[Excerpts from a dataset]
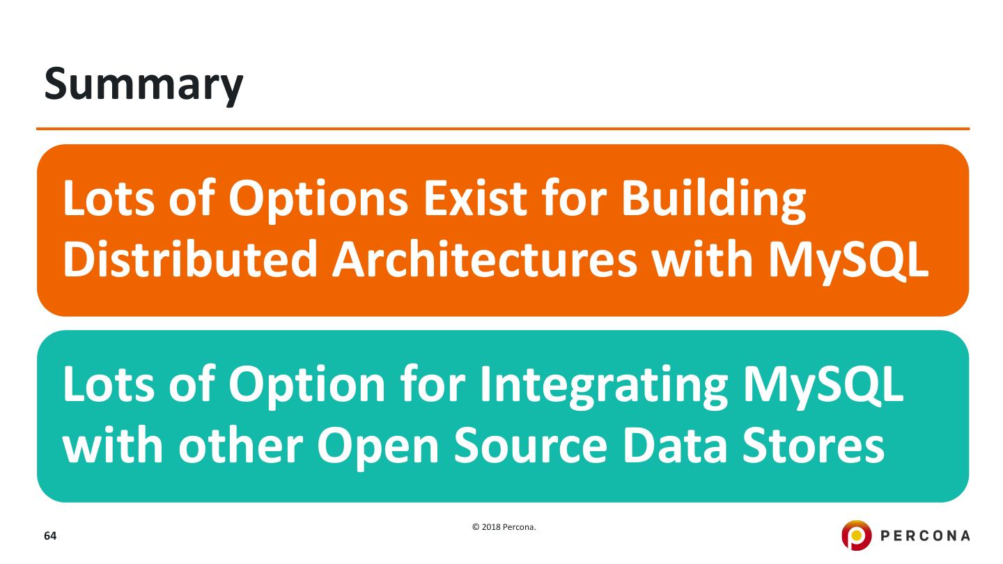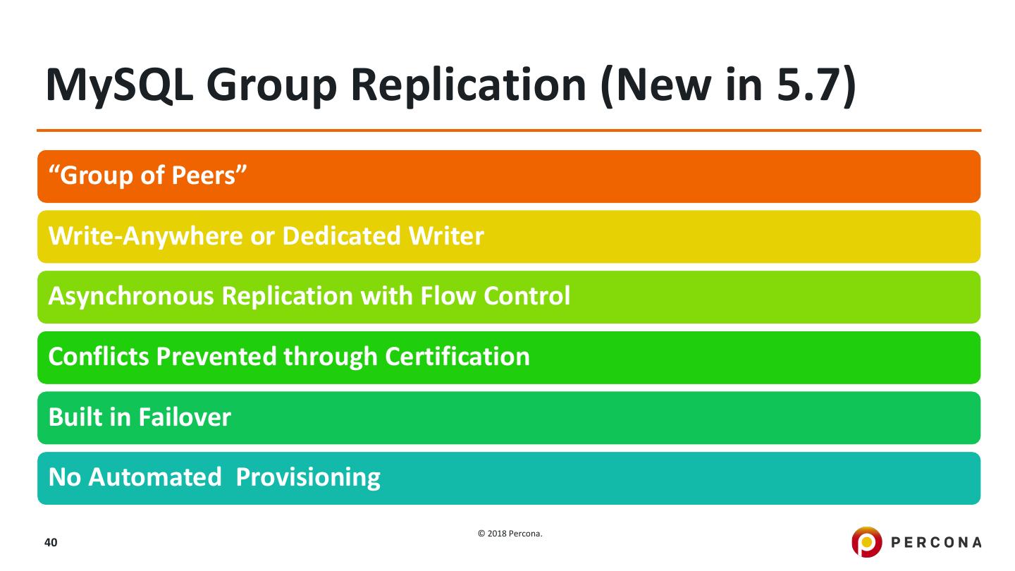 18 .Distributed Architectures with MySQL © 2018 Percona. 18
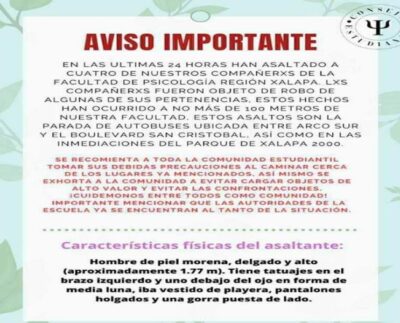 *Por asaltos en la facultad de Psicología XALAPA, VER.- Debido a que en las últimas semanas han asaltado a cuatro…
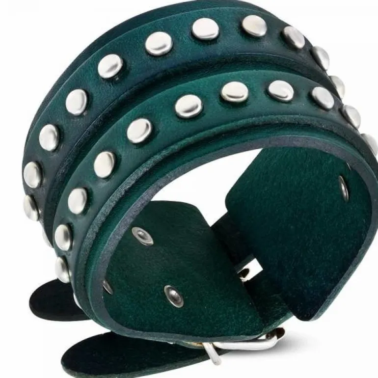 Fedt og flot bredt læderarmbånd med dobbelte spænder og nitter – både til kvinder og mænd der vil have fylde på håndleddet – fås i rød, petroleum og oliven.
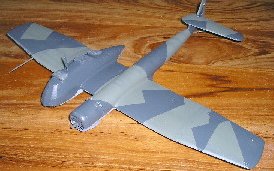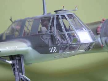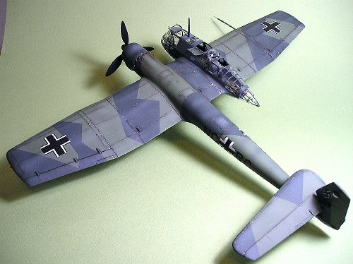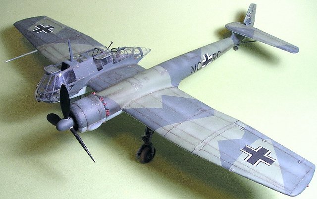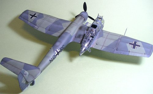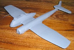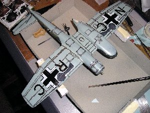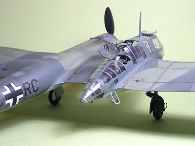The undercarriage oleos had lots of thick flash and the cross section was out-of-round. These are best scratch-built with brass tubing (like I did). The two MG-15 flexible machine guns were represented by shapeless blobs of plastic with lots of flash, rendering them totally unusable. These are best replaced with after-market accessories. Panel lines are recessed and quite crisply molded. Like most short-run kits, no locating pins or tabs are provided. Also the wing root joints to the engine boom and gondola are butt-jointed and it is recommended that strengthening spars fashioned from 40 thou plastic sheet be incorporated for reinforcement. This is a rather large and heavy model and the wing root joints will definitely crack if handled without any form of reinforcement in the wings.
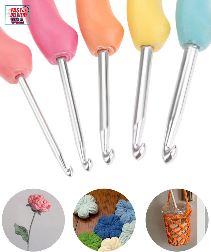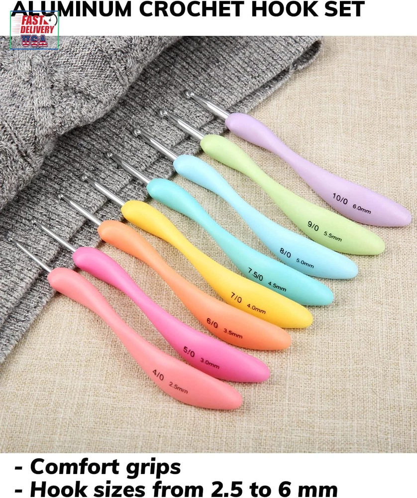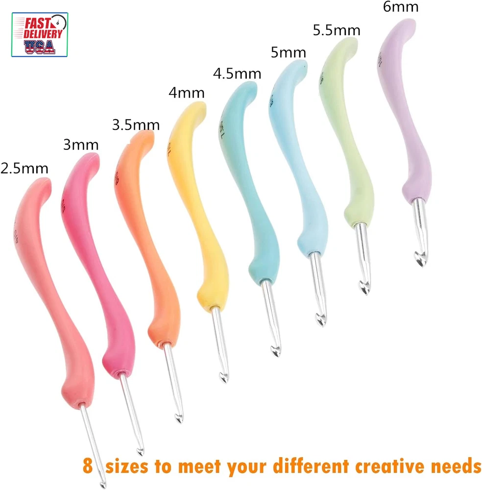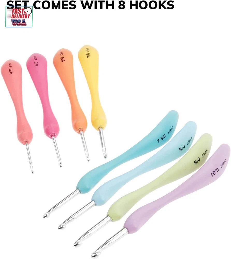Crochet Hooks Set,Large Handle Ergonomic Grip Crochet Hook, 8PCS Aluminum Smooth
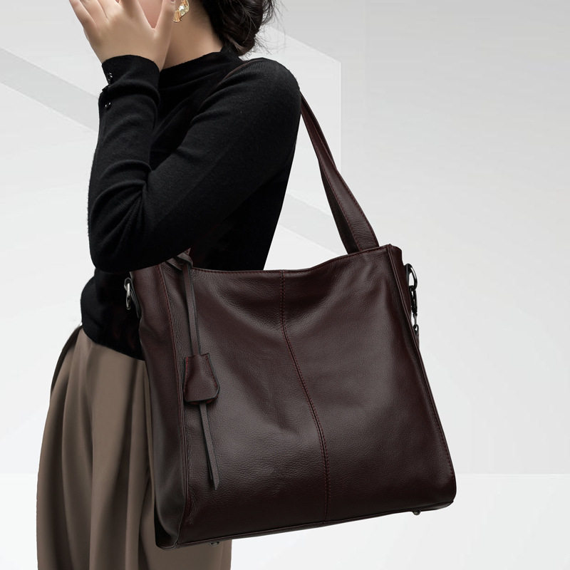 真皮包包女2025新款水桶包大容量通勤包宽肩带单肩斜挎包大气

> [Assignment] Restate the data above word for word. Skip every picture.

> [Output of the task]
 18 .Distributed Architectures with MySQL © 2018 Percona. 18
 *Por asaltos en la facultad de Psicología XALAPA, VER.- Debido a que en las últimas semanas han asaltado a cuatro…
 Fedt og flot bredt læderarmbånd med dobbelte spænder og nitter – både til kvinder og mænd der vil have fylde på håndleddet – fås i rød, petroleum og oliven.
The undercarriage oleos had lots of thick flash and the cross section was out-of-round. These are best scratch-built with brass tubing (like I did). The two MG-15 flexible machine guns were represented by shapeless blobs of plastic with lots of flash, rendering them totally unusable. These are best replaced with after-market accessories. Panel lines are recessed and quite crisply molded. Like most short-run kits, no locating pins or tabs are provided. Also the wing root joints to the engine boom and gondola are butt-jointed and it is recommended that strengthening spars fashioned from 40 thou plastic sheet be incorporated for reinforcement. This is a rather large and heavy model and the wing root joints will definitely crack if handled without any form of reinforcement in the wings.
Crochet Hooks Set,Large Handle Ergonomic Grip Crochet Hook, 8PCS Aluminum Smooth
 真皮包包女2025新款水桶包大容量通勤包宽肩带单肩斜挎包大气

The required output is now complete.